EU regulators examining Apple's contracts with European carriers

EU regulators examining Apple's contracts with European carriers
A number of European carriers have sent copies of their contract with Apple to the EU after complaining that the deals hurt competition. The contracts allow these mobile operators to sell the Apple iPhone and EU regulators are investigating them for possible antitrust violations. While the EU regulators admitted that they are looking into the matter, a formal investigation cannot start until the carriers file formal charges. The fact that the EU is already examining the contracts without such a complaint could mean that they are taking the matter extremely seriously.

Apple does not allow public comments about its deals with carriers, but those who anonymously spoke to the New York Times said that the contracts that Apple demands that mobile operators sign in order to sell its iconic smartphone are "unusually strict" which makes it hard for other handset makers to compete with the Apple iPhone. The issues involved with this situation are believed to not affect U.S. carriers who are asked to sign a contract that one insider deemed as being more reasonable, although still aggressive. European carriers aren't really complaining because the popularity of the device means that they would be at a major disadvantage if they didn't carry the phone. According to Strategy Analytics, the Apple iPhone 5 was the best selling smartphone in the world in the fourth quarter.

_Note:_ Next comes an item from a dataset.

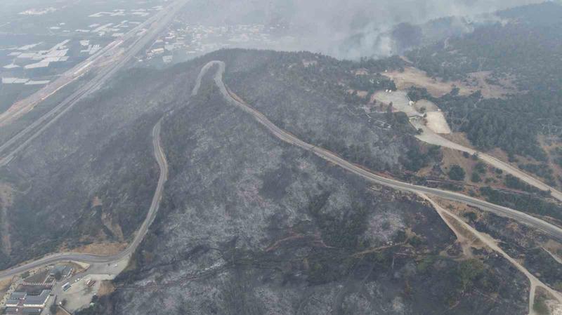 Bursa'da 100 hektardan fazla alanı küle çeviren 3 köyde 485 hanedeki 1765 kişinin tahliye edilmesine sebep olan yangın ekiplerin gece boyunca canlı başla mücadelesi sonrası büyük ölçüde söndürüldü. İğdir ve Narlıdere köylerinde İHA ekiplerinin kaydettiği dron görüntüleri çamla bezeli ormanlık alanın griye döndüğünü gösteriyor.

Each carrier selling the Apple iPhone is said to have a different contract. Carrier sales of the iPhone accounted for 56% of the $55 billion in revenue that Apple earned last quarter. Most carriers have a quota that they must hit over a three year period to continue receiving the device. Unsold units must be paid for, which is is part of the problem that U.S. carrier Leap Wireless is having with its deal with Apple. But those with knowledge of the situation say that the problem is with French carriers. This comes despite a recent comment from Stéphane Richard, Chairman of French Telecom-Orange, who said that Apple is "probably a little less arrogant" under CEO Tim Cook.

There is a lot at stake for Apple. The maximum fine for being found guilty of using anti-competitive contracts to block competition is 10% of annual global sales. The highest fine on record is the 1.1 billion EUR ($1.42 billion USD) that Intel was hit with in 2009 for abusing its position in the computer chip market. That case is being appealed by Intel.

Discussing its European contracts with carriers, Apple spokeswoman Natalie Kerris, said, "Our contracts fully comply with local laws wherever we do business, including the E.U."